Wednesday 19 June 2013

Britten Church Parables Aldeburgh The Burning Fiery Furnace

While everyone was at Peter Grimes on the Beach in Aldeburgh, true Britten fans were at the Church Parables at Orford. Curlew River is well established on its own merits but opportunities to hear it together with The Burning Fiery Furnace and The Prodigal Son are rare. The Church Parables will next be heard in Southwark Cathedral in London (tickets from the Barbican) and at the Buxton Festival. But hearing the Parables in Orford is a special experience. They were written to be performed in St Bartholomew's church there. Frederic Wake-Walker's production with Mahogany Opera takes its cue from the design of the building and from the landscape surrounding.

Curlew River (1964) is the most innovative and visionary Parable,  (see my review here) but The Prodigal Son (1968), is much closer to a medieval mystery play. The stylized ritual movements are very much part of this ancient tradition, and relate to the spartan orchestration. The production premiered earlier this month in a chapel in the Hermitage, in front of the very Rembrandt painting Britten and Pears saw when they visited St Petersburg. Hence colours of red, gold and ochre. As Claire Seymour points out in her book, The Operas of Benjamin Britten : Expression and Evasion, The Prodigal Son may have had many extra levels of personal meaning for Britten, so its apparent simplicity is deceptive. Mahogany Opera's production focused more on the church setting.  The father does no violence and understands that the son needs to make mistakes in order to mature.
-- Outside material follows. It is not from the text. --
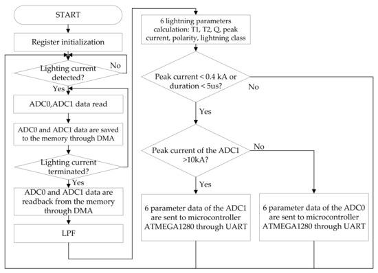 When power is applied to the LCMI, the registers of the microcontroller are initialized. When a lightning current is detected, the converted data from ADC0 and ADC1 are stored in the memory through direct memory access (DMA). When the lightning current signal is terminated, the stored data of ADC0 and ADC1 are read back through the DMA. The reason for this process is to make the ADC sampling time as fast as possible. To remove the noise from the lighting current signal, signal processing is performed using a low pass filter (LPF). The microcontroller then calculates six parameters of the lightning current signal: , , Q (coulomb), peak current, polarity, and lightning class. If the peak current is less than 0.4 kA or the duration time of the lightning current is less than 5 μs, it is classified as noise. If the peak current of ADC1 is greater than 10 kA, 6 lightning parameters extracted from ADC1 are transmitted to the microcontroller through the UART. If the peak current of ADC1 is less than 10 kA, the 6 lightning parameters extracted from ADC0 are transmitted to the microcontroller through the UART. The signal processing software algorithm for the lightning current is shown in Figure 12.
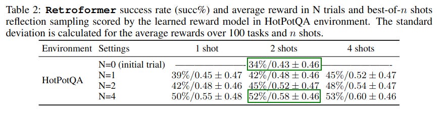 The results indicate that current LLMs still struggle with credit assignment - understanding the root causes behind multi-step failures. By learning to generate focused reflections, Retroformer agents act more rationally, preventing repetitive mistakes. The structured self-critiquing learned by the retrospective model leads to faster skill acquisition.

The Burning Fiery Furnace (1966) stimulated a more inspired response. Frederic Wake-Walker drew on the subtle parallels between this work and Curlew River. The Babylonians are "exotic": gorgeous costumes, elaborate vocal lines, music which mixes pomp with sensuality. The Entertainers are boys dancing in vaguely Balinese costumes, their movements angular and ritualized. .In Indonesia, Britten and Pears watched wayang puppet theatre, where puppets are shown in silhouette. The real "drama" comes from the shadows thrown on the wall behind. It's a brilliant metaphor for Britten's personality.
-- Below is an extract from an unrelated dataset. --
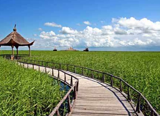 當奈濕地位于黑龍江省大慶市杜爾伯特蒙古族自治縣煙筒屯鎮境內,扎龍國家級自然保護區腹地,總面積57萬畝,據考證,是目前亞洲已知僅有的兩塊原生態濕地之一。現在仍然保持著完整的原始風貌,大小湖泊星羅棋布,生物類別多種多樣,這里有丹頂鶴、大雁、野鴨等珍貴鳥類200多種。每到夏季,藍天碧水,蘆葦蕩漾,群魚戲蓮,百鳥歡歌。由于地勢低平,小興安嶺流下來的烏裕爾河和雙陽河在這里滯留成湖,演變為大片濕地,總面積達3萬多公頃,濕地周圍水際生態系統交錯替代形成的半濕潤半干燥的環境最具代表性的景觀是大片草原和蘆葦沼澤,在數萬公頃浩浩蘆葦蕩中,葦林如海,水網如織,景象壯美,是黑龍江西部地區極具特色的旅游資源。版權所有山東聊城聊之旅國際旅行社有限公司,轉載必究!當奈一詞蒙古語謂“danghi ni ,蒙古語義是“仙女”或“女神”的稱謂。這個名字與古代杜爾伯特蒙古人母系文化崇拜有某種內在的聯系和延續。當奈曾經有座蒙古喇嘛廟名叫“syalugqsum”,漢名普教寺建于公元1696年(清康熙三十五年),在它之前此地有否女神廟或女性敖包一類祭祀類型構造物,當奈的普教寺興建有這樣一個歷史傳說。當奈屯附近的腰靈泡、花籃泡、納金泡葦蕩里春夏秋季節棲息著無數的野鴨、天鵝、仙鶴。有一年清康熙皇帝行獵到此,被一老者認出,驚動了周圍百姓,于是他們前來跪拜皇帝祈福,康熙大為感動,按百姓意愿賞銀建造喇嘛廟,并賜名普教寺,愿百姓吉祥。可惜這廟解放后被扒掉了,若存在該是308歲。當奈人居生態村規劃本著保護濕地原有特色、變消極保護為積極的開發式保護的原則,將生態村建設成為大慶濕地核心旅游區,我國濕地人地關系的標準景點和重要的濕地科研、科普教育基地。當奈村民風淳厚,民居古樸,農家特色飯菜遠近聞名。當奈菜系為農家菜系,有當地產的純天然的泥鰍魚、老頭魚、鯽魚、麥穗魚、柳根魚、嘎牙子以及珍貴的龍虱,還有自家產的茄子干、豆角干、干白菜等,主食有大餅子、包米碴子、小米飯等。是觀光、休閑、度假、科研的最好去處。幾年來,在大慶市和杜爾伯特縣委、縣政府的關懷支持下,本著“邊規劃、邊建設、邊規范”的原則,不斷整合旅游資源,加大投入力度,版權所有山東聊城聊之旅國際旅行社有限公司,轉載必究!強化了以基礎設施為重點的各方面建設。多方面累計籌集資金400余萬元,實施了包括景區大門、停車場、垂釣園、碼頭、仙鶴居、萬米百鳥園、千米葦海長廊、百米旅游商品購物長廊和鳥類表演區建設,同時引進武夷山竹排60余張,構建了蘆蕩撐排、湖中捕魚、鳥園觀鶴、長廊賞蓮、休閑購物、品農家特色等一系列旅游項目。每年都接待國內外游人3萬多人次,旅游業已成為拉動當地農民增加收入的骨干產業。

Britten creates the Fiery Furnace in his music and the players of Mahogany Opera act it out visually. The Babylonians converge over the three exiles, Shadrach, Meshach and Abednego. The Babylonians wear red caps, and gloves. Their head bob up and down, their hands raised in jerky movements like fluttering flames. Again, intelligent lighting design (Ben Payne), this time creating huge shadows that reached way above the stage. Their music roars. Britten has built the image into his orchestration. James Gilchrist sang Nebuchadnezzar and Lukas Jakobski sang an extremely impressive Astrologer, his voice booming with resonance, reaching the deepest recesses of the Church at Orford. The exiles aren't intimidated. Their God doesn't do graven images. They survive because they have faith in purity.

Claire Seymour will be reviewing this production of the Church Parables for Opera Today.